Information supplied:
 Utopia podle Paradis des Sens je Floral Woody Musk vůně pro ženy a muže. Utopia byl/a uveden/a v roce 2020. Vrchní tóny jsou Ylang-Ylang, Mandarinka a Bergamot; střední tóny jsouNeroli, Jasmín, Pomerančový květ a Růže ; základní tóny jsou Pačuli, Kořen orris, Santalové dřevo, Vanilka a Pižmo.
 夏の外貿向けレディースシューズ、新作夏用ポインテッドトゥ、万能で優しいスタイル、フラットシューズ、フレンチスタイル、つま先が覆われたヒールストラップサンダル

==

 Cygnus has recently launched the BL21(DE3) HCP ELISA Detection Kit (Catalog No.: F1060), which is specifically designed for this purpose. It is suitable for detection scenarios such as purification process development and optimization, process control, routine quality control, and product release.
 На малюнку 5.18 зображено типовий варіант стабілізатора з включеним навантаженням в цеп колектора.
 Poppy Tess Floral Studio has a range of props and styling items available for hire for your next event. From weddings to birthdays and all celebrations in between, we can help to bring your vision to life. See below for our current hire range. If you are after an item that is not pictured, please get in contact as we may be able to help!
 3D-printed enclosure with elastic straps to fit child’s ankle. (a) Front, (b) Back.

Exercise details:
Within the data above, the span starting at the line containing "Utopia podle Paradis" and ending at the line containing "夏の外貿向けレディースシュー" is to be retyped exactly, with no other lines.

Solution to the problem:
 Utopia podle Paradis des Sens je Floral Woody Musk vůně pro ženy a muže. Utopia byl/a uveden/a v roce 2020. Vrchní tóny jsou Ylang-Ylang, Mandarinka a Bergamot; střední tóny jsouNeroli, Jasmín, Pomerančový květ a Růže ; základní tóny jsou Pačuli, Kořen orris, Santalové dřevo, Vanilka a Pižmo.
 夏の外貿向けレディースシューズ、新作夏用ポインテッドトゥ、万能で優しいスタイル、フラットシューズ、フレンチスタイル、つま先が覆われたヒールストラップサンダル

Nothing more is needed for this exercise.